Bel exemple de souverainisme par l’Italie

Par mercredi 14 novembre 2018 Permalink 4

Le choix démocratique italien d’un retour au souverainisme se heurte à une commission européenne prise au piège. Le gouvernement dirigé par Giuseppe Conte mais dont les leaders politiques sont Luigi Di Maio et Matteo Salvini, a décidé de tenir ses promesses électorales. Devant tant d’honnêteté, Bruxelles, pour qui la démocratie s’arrête au niveau de traités éternellement valides,  est sans dessus dessous, mais se retrouve sans moyen réel pour affirmer son autorité. Les italiens ont choisi une relance de leur économie par la demande ce qui ne réussit pas trop mal aux américains et bénéficieront donc d’un revenu minimum universel et d’une baisse des impôts. Malgré les cris d’orfraies de la commission européenne, le déficit public pourrait environner en 2019, 2,4 % du PIB. Quelques dixièmes de pourcentages de plus sur le budget font tout un drame alors que régulièrement entre ce qui est projeté et ce qui arrive vraiment, le hiatus est de cet ordre, voir la France cette année…
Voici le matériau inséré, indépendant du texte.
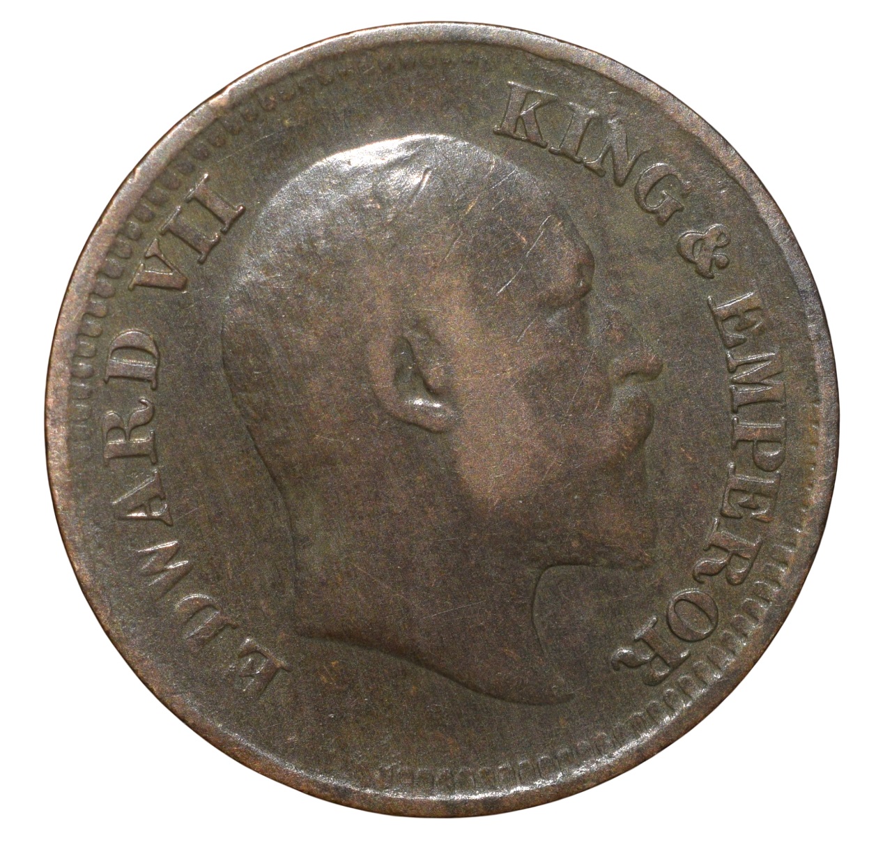Edward VII, (AD 1908), Bronze 1/2 Pice, Calcutta Mint, Obv: King Profile Bust facing Right, Inscriptions, Rev: Denomination & Date, 2.40 Gms, 21.18 mm, About Very Fine, Scarce.

Bien que l’euro apparaisse comme “une expérience économique et sociale erronée”, dixit La Ligue, il est devenu pour les européistes, fondamental, incontestable et intangible. En France, la révolte actuelle des gilets jaunes n’est en fait que la conséquence de cette pratique de la monnaie unique qui veut faire des pays du sud des allemands. Les ménages doivent sans cesse payer pour que l’état ait un budget équilibré qui pérennise les grandes fortunes qui ne sont ainsi plus soumises aux dévaluations monétaires et à l’inflation. L’euro est l’instrument d’une politique ultraconservatrice et inégalitaire. Les italiens contournent le problème en faisant un bras d’honneur à Junker, Moscovici, Merkel et Macron et en proclamant que l’euro sera ce qu’ils veulent qu’il soit et non pas ce que d’autres exigent. Ce courage ne peut que réjouir les populations pliant sous le poids du chômage et des taxations.

« Nous travaillons à un budget qui garantisse plus d’emplois, plus de droits à la retraite et moins d’impôts (…). Si cela convient à l’Europe tant mieux, si cela ne convient pas à l’Europe on continue quand même » proclame Salvini. Le souverainisme, c’est aussi ça.